Good afternoon everyone. 

Here in Washington State, actually - closer to Portland, Or, we're blessed with having several mountains in such proximity. Anyways...I wanted to share a couple of mountain photographs I took since moving here. 

If you have any of your own, please feel free to post them. Oh...and I threw in a waterfall one. 

See if you can guess its name.


----------



## Cali_PH (Nov 15, 2014)

brought1 said:


> See if you can guess its name.



I know it, but I recently got back from a 12-day trip to Oregon, so I'll see if anyone else knows.


----------



## tolusina (Nov 15, 2014)

brought1 said:


> .....See if you can guess its name.


2ez
A guess.


----------



## panterck (Nov 17, 2014)

Mountains in Slovenian Alps.


----------



## LOALTD (Nov 21, 2014)

In Hatcher Pass Alaska. I'm not sure what the name of this peak is, I just moved here!

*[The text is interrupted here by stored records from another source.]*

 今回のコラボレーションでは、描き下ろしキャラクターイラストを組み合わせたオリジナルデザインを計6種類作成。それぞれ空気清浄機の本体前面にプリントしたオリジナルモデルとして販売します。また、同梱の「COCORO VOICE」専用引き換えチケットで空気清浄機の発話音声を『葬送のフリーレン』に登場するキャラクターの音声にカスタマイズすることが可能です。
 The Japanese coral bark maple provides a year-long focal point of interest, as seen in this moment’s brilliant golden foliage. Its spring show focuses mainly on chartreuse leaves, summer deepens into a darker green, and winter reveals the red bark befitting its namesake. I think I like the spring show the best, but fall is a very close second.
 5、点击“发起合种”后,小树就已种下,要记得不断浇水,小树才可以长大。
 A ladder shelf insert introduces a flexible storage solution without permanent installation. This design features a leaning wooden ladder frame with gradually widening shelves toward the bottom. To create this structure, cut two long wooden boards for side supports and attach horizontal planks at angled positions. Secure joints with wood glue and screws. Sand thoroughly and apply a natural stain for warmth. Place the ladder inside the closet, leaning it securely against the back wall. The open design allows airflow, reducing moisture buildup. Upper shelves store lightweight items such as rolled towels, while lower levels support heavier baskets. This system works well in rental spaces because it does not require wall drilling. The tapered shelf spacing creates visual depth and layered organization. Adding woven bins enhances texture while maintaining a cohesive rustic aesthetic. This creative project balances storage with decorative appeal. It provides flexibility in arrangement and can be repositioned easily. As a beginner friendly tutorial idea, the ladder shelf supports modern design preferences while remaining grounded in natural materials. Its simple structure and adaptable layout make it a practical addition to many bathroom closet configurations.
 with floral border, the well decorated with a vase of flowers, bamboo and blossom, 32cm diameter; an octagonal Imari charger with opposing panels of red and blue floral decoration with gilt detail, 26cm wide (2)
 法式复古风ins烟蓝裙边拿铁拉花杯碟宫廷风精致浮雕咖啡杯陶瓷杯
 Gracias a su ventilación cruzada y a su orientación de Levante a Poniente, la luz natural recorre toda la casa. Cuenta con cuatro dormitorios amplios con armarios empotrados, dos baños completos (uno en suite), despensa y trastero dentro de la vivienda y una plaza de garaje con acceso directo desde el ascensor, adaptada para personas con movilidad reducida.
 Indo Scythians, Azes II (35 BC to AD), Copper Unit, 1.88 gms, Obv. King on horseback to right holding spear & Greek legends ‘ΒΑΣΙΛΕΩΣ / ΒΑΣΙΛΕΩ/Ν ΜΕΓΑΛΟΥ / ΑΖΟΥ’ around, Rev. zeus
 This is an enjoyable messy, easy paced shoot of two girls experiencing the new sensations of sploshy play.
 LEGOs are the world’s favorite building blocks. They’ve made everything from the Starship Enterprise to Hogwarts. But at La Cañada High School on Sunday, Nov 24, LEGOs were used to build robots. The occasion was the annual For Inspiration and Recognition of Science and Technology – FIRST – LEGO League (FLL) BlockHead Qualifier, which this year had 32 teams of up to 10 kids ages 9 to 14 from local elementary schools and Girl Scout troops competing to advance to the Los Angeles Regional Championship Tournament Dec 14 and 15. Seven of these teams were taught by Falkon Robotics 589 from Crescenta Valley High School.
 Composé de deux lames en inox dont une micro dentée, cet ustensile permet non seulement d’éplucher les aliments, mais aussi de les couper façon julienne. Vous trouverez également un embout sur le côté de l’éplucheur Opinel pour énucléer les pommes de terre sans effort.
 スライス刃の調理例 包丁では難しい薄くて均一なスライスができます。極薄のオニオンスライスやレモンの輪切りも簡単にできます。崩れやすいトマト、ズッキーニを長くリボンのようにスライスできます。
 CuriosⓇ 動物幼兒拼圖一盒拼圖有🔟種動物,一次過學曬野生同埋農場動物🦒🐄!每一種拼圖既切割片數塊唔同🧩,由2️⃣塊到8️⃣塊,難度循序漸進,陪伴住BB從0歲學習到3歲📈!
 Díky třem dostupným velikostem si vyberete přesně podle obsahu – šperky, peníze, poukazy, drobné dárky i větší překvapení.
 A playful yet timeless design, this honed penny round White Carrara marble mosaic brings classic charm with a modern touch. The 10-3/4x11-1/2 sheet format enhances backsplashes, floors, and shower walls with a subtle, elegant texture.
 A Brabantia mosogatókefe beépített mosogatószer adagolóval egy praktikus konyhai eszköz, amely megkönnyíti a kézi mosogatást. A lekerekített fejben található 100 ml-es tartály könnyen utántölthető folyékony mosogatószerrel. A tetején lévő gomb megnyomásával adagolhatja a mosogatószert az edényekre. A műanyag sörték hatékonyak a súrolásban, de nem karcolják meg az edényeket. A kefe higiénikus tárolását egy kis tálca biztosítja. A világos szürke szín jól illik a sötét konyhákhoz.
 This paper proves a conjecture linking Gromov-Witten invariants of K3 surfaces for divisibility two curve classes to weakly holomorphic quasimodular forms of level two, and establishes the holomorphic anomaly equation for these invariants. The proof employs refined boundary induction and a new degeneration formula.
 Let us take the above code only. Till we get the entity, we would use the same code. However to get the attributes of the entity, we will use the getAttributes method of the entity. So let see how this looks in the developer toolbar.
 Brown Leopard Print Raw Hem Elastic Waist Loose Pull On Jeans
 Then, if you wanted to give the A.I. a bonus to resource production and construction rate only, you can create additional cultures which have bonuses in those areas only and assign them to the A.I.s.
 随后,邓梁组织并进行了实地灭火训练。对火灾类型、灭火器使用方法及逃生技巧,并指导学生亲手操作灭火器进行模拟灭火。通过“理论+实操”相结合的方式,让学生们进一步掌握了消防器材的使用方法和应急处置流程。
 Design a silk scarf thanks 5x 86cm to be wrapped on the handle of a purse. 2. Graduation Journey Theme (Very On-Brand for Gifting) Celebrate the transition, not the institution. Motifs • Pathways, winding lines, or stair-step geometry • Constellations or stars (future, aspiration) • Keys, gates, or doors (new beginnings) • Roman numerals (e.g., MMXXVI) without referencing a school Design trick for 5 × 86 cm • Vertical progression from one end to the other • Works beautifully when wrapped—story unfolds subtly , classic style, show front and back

Taken with the Rokinon 14mm, best NoLi/Star lens ever!


----------



## JonAustin (Nov 21, 2014)

White Mountains, NH last month


----------



## Click (Nov 21, 2014)

LOALTD said:


> In Hatcher Pass Alaska. I'm not sure what the name of this peak is, I just moved here!
> 
> Taken with the Rokinon 14mm, best NoLi/Star lens ever!



Great Shot Andrew. Well done.


----------



## AcutancePhotography (Nov 21, 2014)

brought1 said:


> Here in Washington State, actually - closer to Portland,



Is that first mountain the one used for the Paramont movie logo?

That waterfall location looks fantastic for photography!


----------



## ray5 (Nov 21, 2014)

brought1 said:


> Good afternoon everyone.
> 
> Here in Washington State, actually - closer to Portland, Or, we're blessed with having several mountains in such proximity. Anyways...I wanted to share a couple of mountain photographs I took since moving here.
> 
> ...


Beautiful shots. Have never been there so could you tell me their names? Thanks,
Ray


----------



## surapon (Nov 21, 2014)

Dear friend, Mr. brought1
Wow, Beautiful Picture of Mountain = Arts work/ Painting look, Great Job.
Here are the Mountain in Greece 3 years ago.
Enjoy.
Surapon


----------